I have dealt with exported costs. You ignored that point. I've dealt with fractional rebates. You ignored that. Apparently you've not read much of what I said on the topic.
But you cannot refute the model. Sometimes simple is true enough, and complications are merely folks blowing smoke so they cannot see the light.
April 12, 2009 3:49 AM | Reply | Permalink
"Why did you waste your time posting that drivel?"
Glad to see you're interested in rational discussion not just insults.
Reading both sides of the argument, your side has little support and appears extraordinarily lazy with no research or factual basis to your assertions.
"Either we export the costs or consumers in this country pay for them one way or another. But increasing export costs makes them even less competitive. So I don't see exporting C&T costs as a significant dent in the simplistic model."
Yeah, some compelling research and supporting evidence there... We've seen how Toyota passing along their energy tax (and high taxes to fund national healthcare) has made them sooo uncompetitive (see, that was a fact, albeit in a sarcastic manner).
April 12, 2009 11:04 PM | Reply | Permalink
I see you're a "pile on" type who likes jumping into quicksand after others have disappeared beneath the surface already. Good luck with that.
Try refuting my points, clarifying the truth of the matter, or answering the challenge instead of ankle biting.
April 13, 2009 6:59 PM | Reply | Permalink
I have refuted your points to my satisfaction and moved on. Thanks.
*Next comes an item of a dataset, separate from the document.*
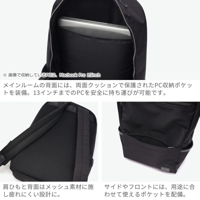 オンオフ問わず活躍するデイパック。A4対応のサイズ感で13インチのPCも収納でき、普段使いから日帰り旅行まで幅広く対応可能です。素材は撥水加工を施したナイロンツイルとブライドルレザーを組み合わせ、上品な雰囲気を演出。サイドやフロントの多彩なポケットなど、整理のしやすい機能性にもこだわりました。リュックストラップと背面はメッシュ素材で、疲れにくいのも魅力です。

April 15, 2009 12:05 AM | Reply | Permalink
Listen Asshole eds~ you need to cut down on coffee, you need to have sex more than once a month, you need to quit being condescending to people just as interested in the 'truth' as you are, you need to think of that 3K as about as much as a 'family' is going to spend on petfood in the same timeframe and understand that the future of life on Earth is worth more to people than feeding their dog wet animal parts on a daily basis. If the cost was double or triple that it would still be worth every dime. What are the god damned alternatives? What is the DO NOTHING scenario the conservative bitch would have us follow going to cost us in the long run? Don't give a fuck what the Earth is like after your sorry ass leaves for good? Well you are in a very very small and evil minority on that point and personally I think it would be good for the planet for you to chain smoke and drink heavily starting tonite. Peace.
April 11, 2009 10:47 PM | Reply | Permalink
Every nasty thing you said is probably true of you, esp. the coffee and asshole remarks.
"If the cost was double or triple that it would still be worth every dime. "
So, you accept Bachmann's model, but believe even 2-3x would be worth it. Fine, but not the point at all.